Wednesday, July 6, 2011

Food...

I don't do a very good job of eating.  I'm hungry all the time.  I don't eat enough.  I don't eat often enough.  And I can tell.  I should be losing more weight and I shouldn't be as tired as I am.  I'm at work almost asleep at 6:15pm because I have only had two chicken strips from ChickFilA today.  All day.  And about a half of a Diet Dr. Pepper. 

I need to plan meals better.  I can no longer be up in the air about what I'm going to eat and when I'm going to eat.  I was worried before I had the surgery that I would struggle eating certain foods.  I had no idea I would struggle eating in general.  I've been on diets before where it takes so much concentration to eat healthy that it is no longer fun.  But I've still eaten.  I've never just stopped eating. 

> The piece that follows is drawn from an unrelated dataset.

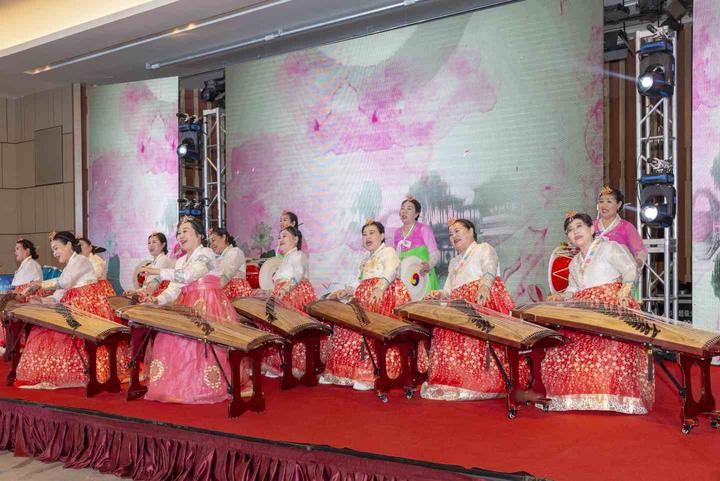 老年協(xié)會濱海新區(qū)分會的會員代表們表演伽倻琴彈唱《桔梗謠》。

So for all of you out there that I see on a regular basis, please help me eat.  I've been working out on an empty stomach, I've been going to sleep on an empty stomach and I'm not eating in the mornings.  I am often asked how I'm doing and I say I'm great, but tonight I just needed to be honest. 

I feel better putting it out there; asking for help.  I have the exercise part down, now I just need to get my eating stable. 

1 comment:

  1. Email what you are eating. I can give you some ideas. Now are limited on what you can eat? Hang in on the scale not going down when you think it should. When I was doing my transformation and even training for my show, I noticed my body would hold onto the weight and then the next week weigh in I would drop a pound or two. I have learned to accept that my body is stubborn sometimes. ;)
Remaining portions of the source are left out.